Select Page

This blog is more to share an observation and get inputs from as many folks as possible on sprint planning:

Often, teams do their sprint planning in the following way:

1. There are a set of stories (mostly) ready for an upcoming sprint.
2. Hence, the teams estimate their stories to pick a few stories from the backlog
3. The team uses story points – adopting Fibonacci series (I have not come across anything else!)
4. They may play planning poker, or, someone from the team proposes a number.
5. The team estimates stories and then pick stories until their velocity is reached.
6. Their velocity is the number that they have completed – could range from just completing development to some stories actually seen by users. For new teams, velocity is a number that the team may find reasonably impressive enough to tell outside.

Many teams that follow the above routine (or its minor variations) have been exposed to some form of Agile practices. Teams that do this, feel they are just following a routine and struggle to answer the following questions:

1. Why plan for the sprint?
2. What do the teams expect to do with the sprint plan?
3. And, Why ‘estimate’ the stories?

If you are looking for ways to re-boot your planning, consider the below

1. Focus on a key goal for the sprint:

The purpose of sprint planning must be re-focused to identify the value provided to the user at the end of a sprint.
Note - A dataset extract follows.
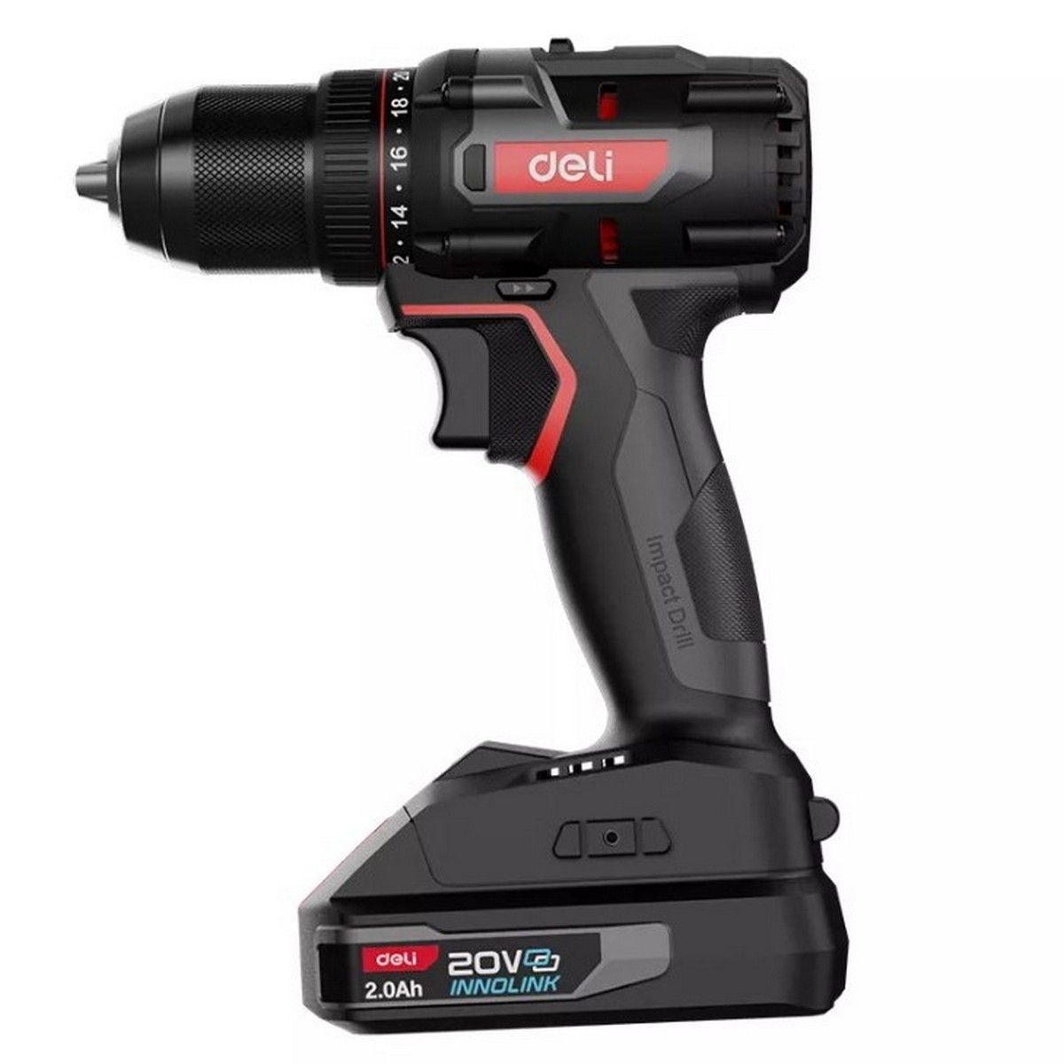 Дрель-шуруповерт аккумуляторная DeliDE-DZ20-2D2 (2 АКБ*2Ач+ЗУ, 20В, 13мм, 70Нм, сумка)

Sprint planning, then, can identify tasks that need to be done in the sprint to provide that value to users. The value could be stabilizing a feature that has lots of bugs, or developing a functionality that users will like providing feedback on. Without an overall goal for the sprint – the sprint planning process will start weaker.

2. Keep your planning appropriately light:

Any planning activity is to understand the approach to a project over a given time frame along with constraints and dependencies.

Over a shorter horizon, as in sprints – teams can easily list down items they are uncertain about, get clarity and re-plan (or) if there very little uncertainties – use their prior experience to task out and review how many of the tasks – and hence the stories will get completed to meet the goal.

Focussing on story points and ‘estimating’ may actually weaken our view of the goal for the sprint. Understanding the sprint goal helps us limit or prioritise work that we do over the sprint.

3. Try different approaches to forecasting your team progress – including story count:

Much has been written about story points, relative sizes and estimation scales. When done as intended, they are reasonably good to forecast. All of them are meant to reinforce adaptive planning.

Try out different approaches to forecast your work progress: Understand your estimation scales better, including factors that influence your story sizes. Discuss why S-M-L, or 1-2-4-8, or Fibonacci.

In that context, story count is as good a measure of forecasting progress as relative-size based burn-ups. Story count is simply the number of stories the team manages to complete in a sprint.

Teams, that adopt story count gravitate to similarly sized stories in a sprint over a number of sprints. These teams, seem to focus their backlog grooming activity on creating smaller story sizes that the team can finish – say a story or two at least per person in the team.

Remember,

Relative sizing of stories becomes important when the team needs to provide some guidelines on how many sprints they think they will take to complete a project. In this case – they will need to adapt their planning for medium to longer term via release planning.

Longer the time-frame, multiple factors of technology, people, dependencies, uncertainties will need to be thought through. Hence, teams do relative sizing, identify completeness and certainty factors along with areas where they need more information to plan their release.

However, at a sprint level, and in teams that have a backlog not fully visible – lighter weight approaches to sprint planning may bring life back into your sprint planning process.